Problem solving process:
The first time (failed): I found 13 pages in the password list, so I thought that I only needed to add the value of a non-repeated position in the list to a list. Then convert the list to an int password, that is, the logon password. After multiple attempts and a logon failure, I found that the password on the 13-page cannot exceed 70 characters. At this time, I did not expect the password to be 100 bits...
Second (SUCCESS): I saw someone succeeded in the discussion board. So I learned from my experience and saw that the password was 100 characters in length, So I thought about how to pass the test. You just need to change the code for the first time, add the password length to judge, and try to log on when it reaches 100 bits.
Successful (630 seconds )::
Fourth off the code: http://www.cnblogs.com/hxs2660/p/5559611.html
Level 5: Verification Code Recognition
1: username, 2: csrfmiddlewaretoken, 3: password, 4: captcha_0, 5: captcha_1
We all know Items 1 and 2. Password: the instructor did not provide a password prompt. The password can only be set to 0 through 2nd or 3 ~ 30. Captcha_0: indicates a hidden value on the logon page (which can be obtained). The value of the verification code on the server is used. Captcha_1: verification code.

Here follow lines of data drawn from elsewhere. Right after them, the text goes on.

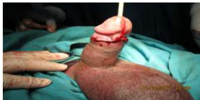
Fig. 5. Photo showing completed reanastomosis .

The patient recovered well in hospital and was discharged on postoperative day 2 on antibiotics with a Foley catheter to straight drainage and suprapubic catheter capped. The patient was advised to abstain from intercourse for at least 4 weeks. The patient underwent a RGU on postoperative day 21, which was found normal with no contrast extravasation (Fig. 6). The urethral catheter was therefore removed, with the capped
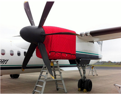
Dash 8-Q400 Insulated Engine Cover
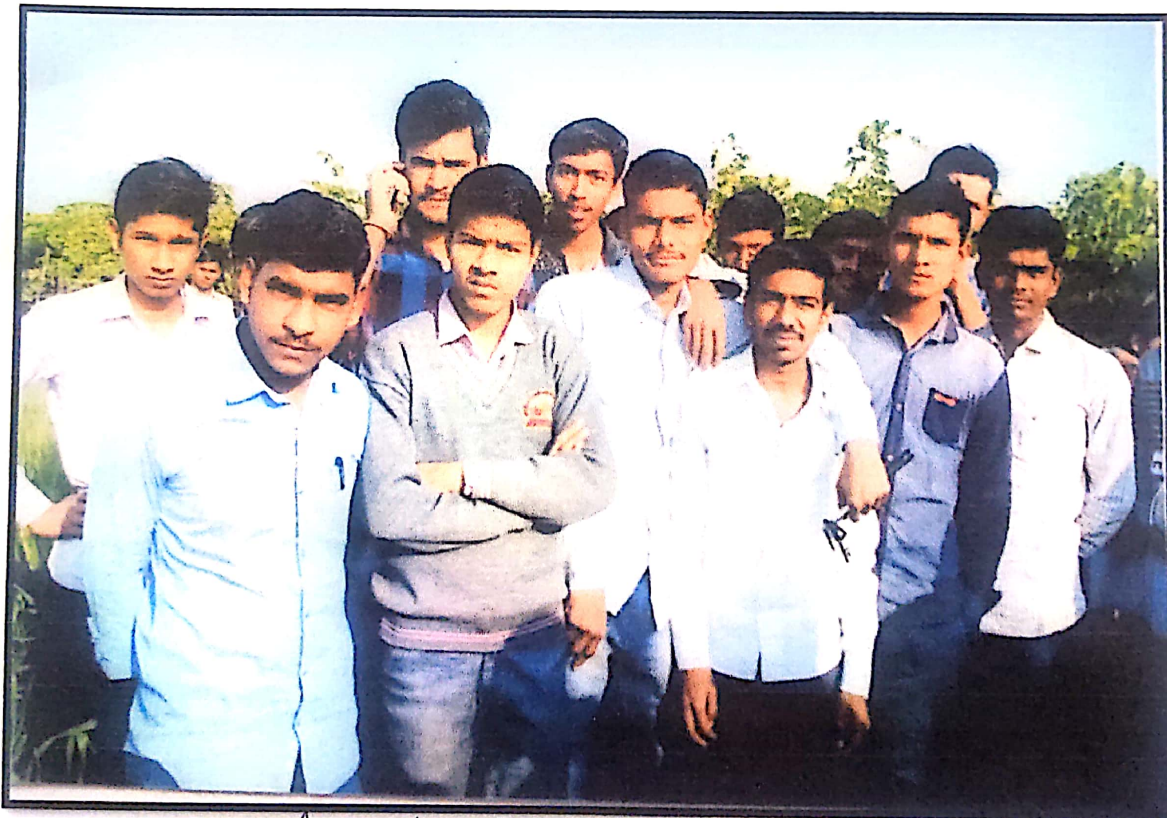
Visit to Adarsha Gram Ralegan siddhi, Ahmednagar.

PRINCIPAL Nutan Mahavidyalaya SELU, Dist. Parbhani
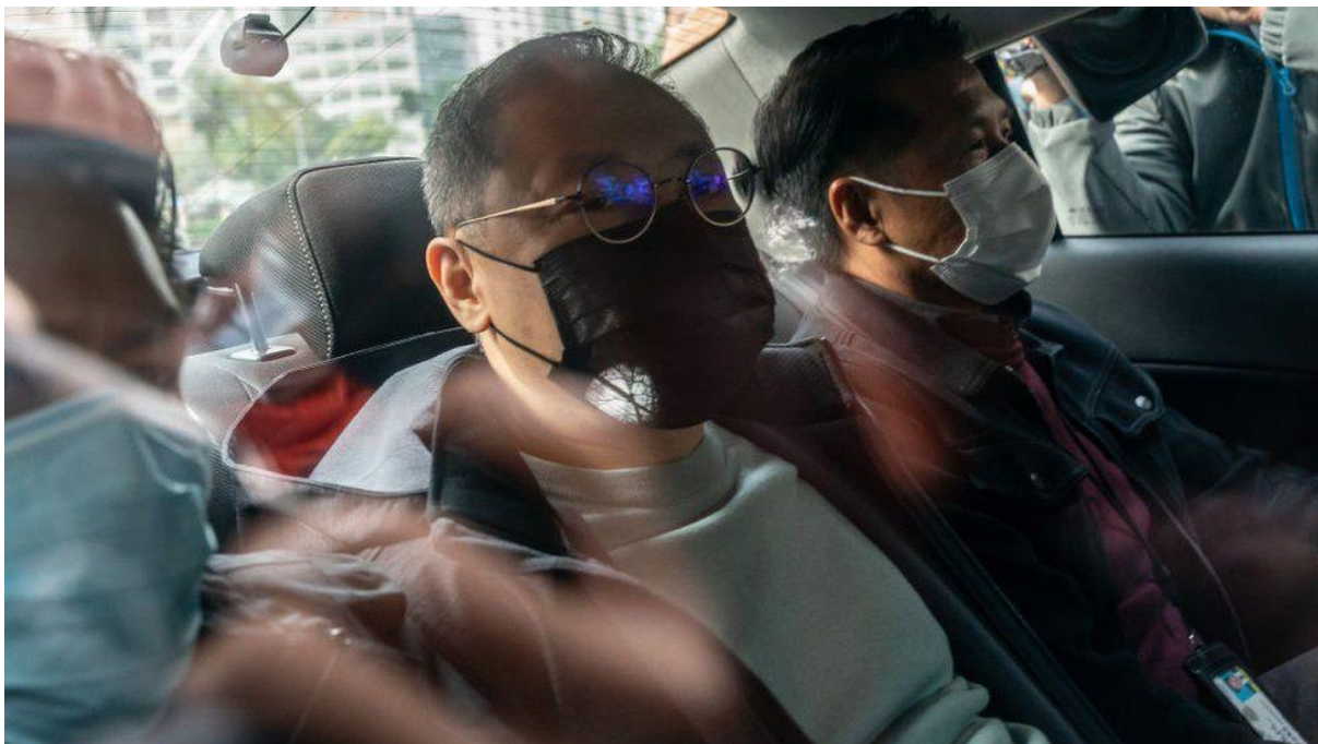
Benny Tai arrestado. Uno de los creadores de las primarias. In July last year, an alliance of opposition parties ran independently organised primaries to see which of their candidates had the best chances in September's election for the Legislative Council (LegCo), Hong Kong's parliament. More than 600,000 people voted in the primaries. The election was later postponed, with officials citing concerns over the coronavirus pandemic as the reason for the delay.
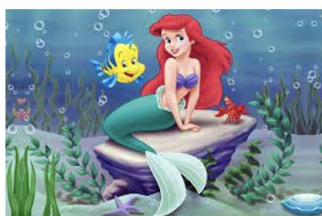
THE LITTLE MERMAIDELE

Please RSVP at https://sinaitemplecu.shulcloud.com/form/Purim.html
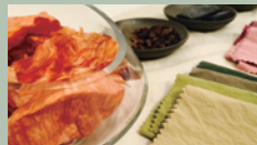
Onibegie (Dyeing using natural ingredients)
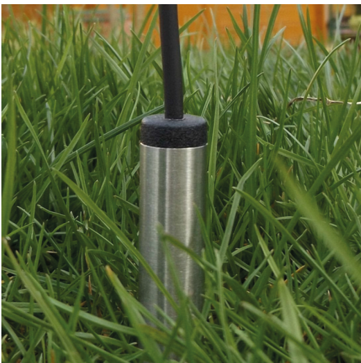
T100 for soil temperature meas.
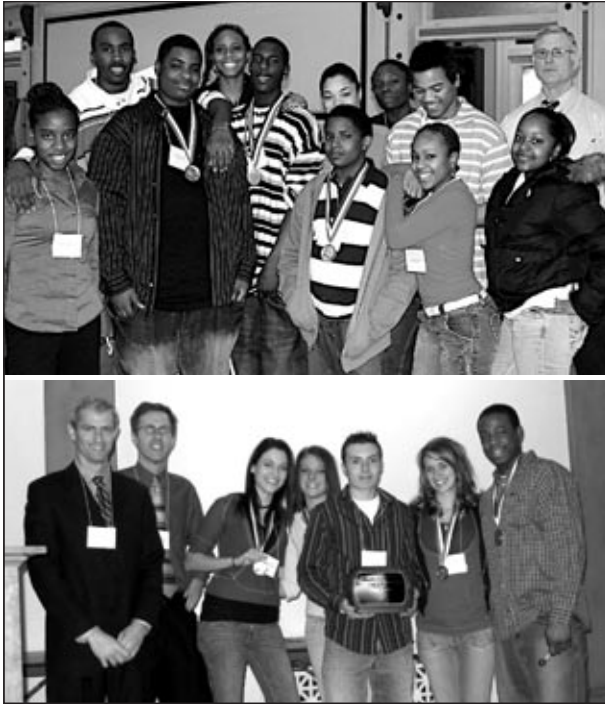
FIGURE 1 Two winning high school engineering design teams.

reason, how well they integrate complex information, and how much relevant science and mathematics knowledge they have mastered.
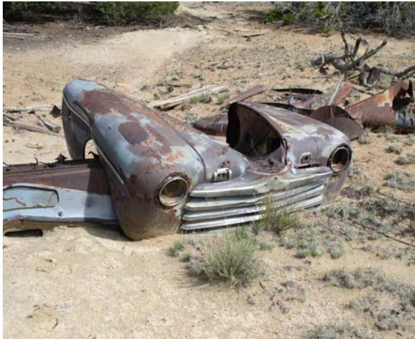
P3: Mesa Top Mine scattered automobile parts
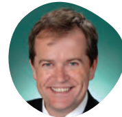
Hon. Bill Shorten MP Minister for Employment and Workplace Relations
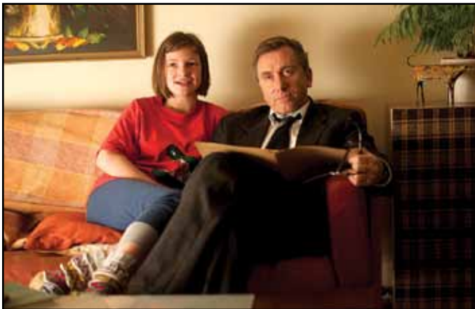
BROKEN, March 16, 20
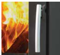
Ergonomically designed handles
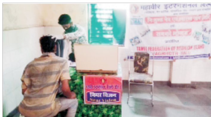
Testing Refraction through AR
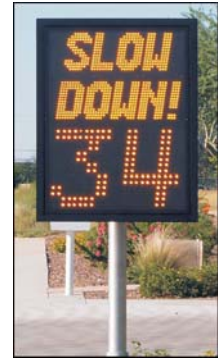
"SLOW DOWN" Violator Alert

Several Violator Alerts are available including an embedded "SLOW DOWN" message in red LEDs, our unique flashing Red/Blue bars, particularly effective at night make for some interesting Violator Alert combinations. The Fast-475 can also be equipped with various sophisticated 3rd party timing apparatus for complete school year preprogramming.
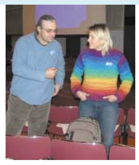
Participants at the OBI conference.

NoE and directly through support of participants, and by the World Data Centre for Oceanography in Silver Spring, Maryland, US.
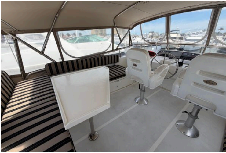
Interior view of 2006 Ocean Alexander 48 Classicco yacht with striped seating and helm.
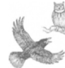
Alarm Call (making a loud noise)

Draw a bird in the box below. It can be a bird you see or a design of your very own.
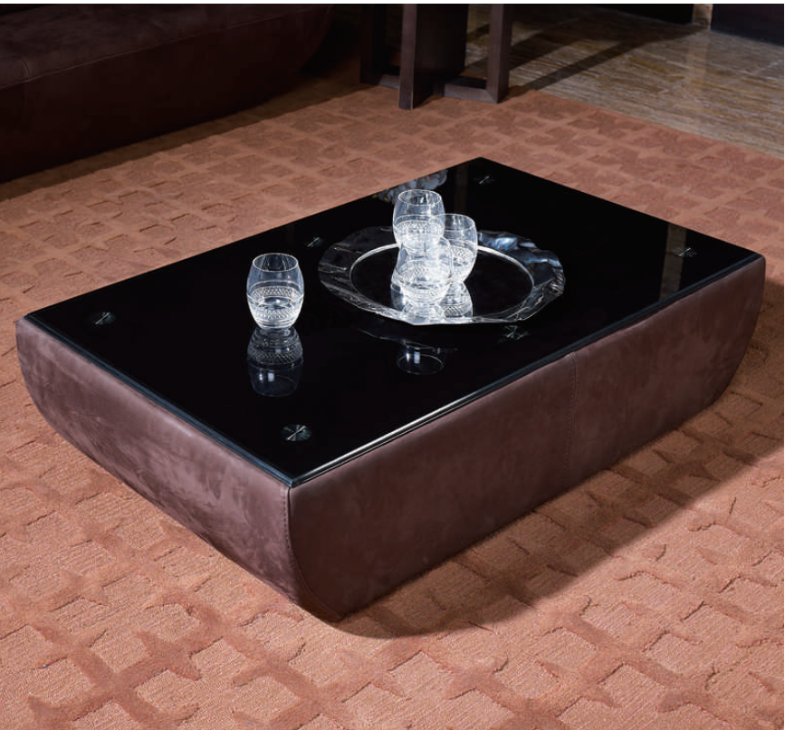
Optional matching coffee table (STG3B) comes with tampered glass in either black or white color.
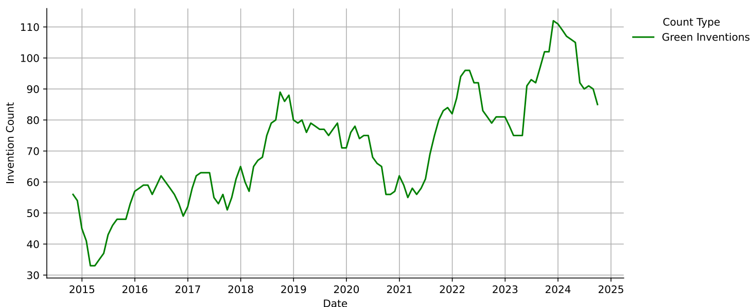
Rolling 1-Year Invention Count

The graph above illustrates the number of green inventions published by the company over the past decade. Data is presented monthly, with each point representing the total green invention count for the preceding 12 months.
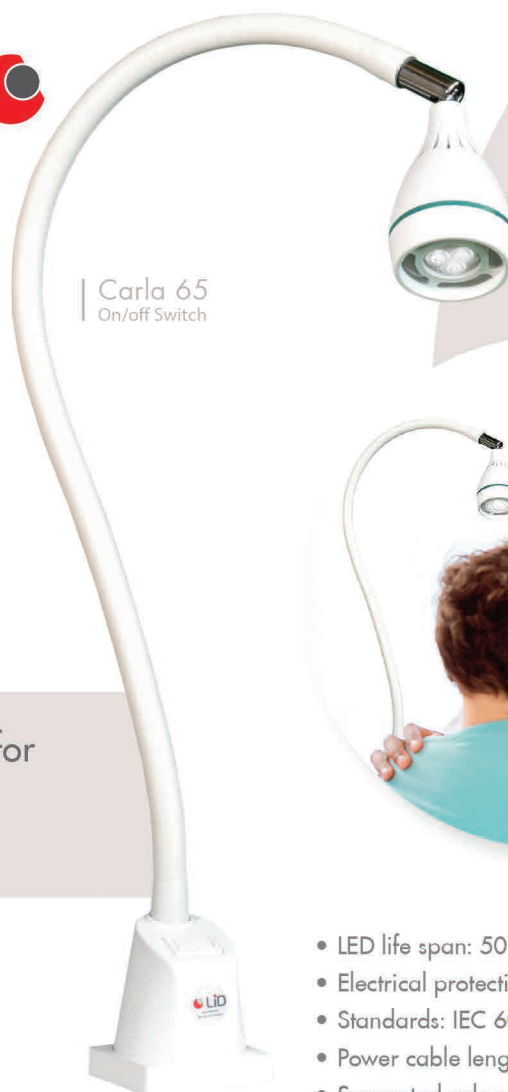
Carla 65 On/off Switch

Ideal as an examination lamp for nurses use, or for any medical speciality and general practice
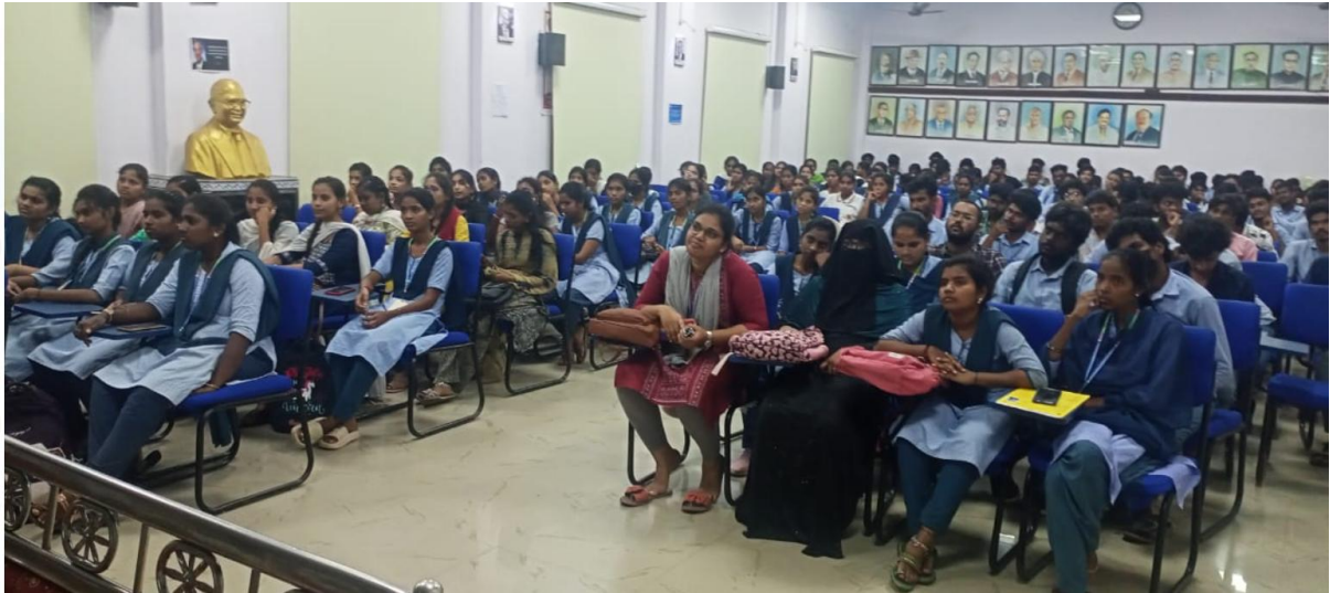
Students interacting with resource persons

1.2 Verification code recognition refers to section 11.3 of the python network data collection book: Reading verification codes and training Tesseract. After testing, the Tesseract recognition rate is around 16% (because I don't have a training sample). We can verify the identified verification code to see if it can be used for logon, because the verification code is regular: the length is 4 and all are uppercase letters. Therefore, if you log on, you will have a 50% probability that the verification code is correct.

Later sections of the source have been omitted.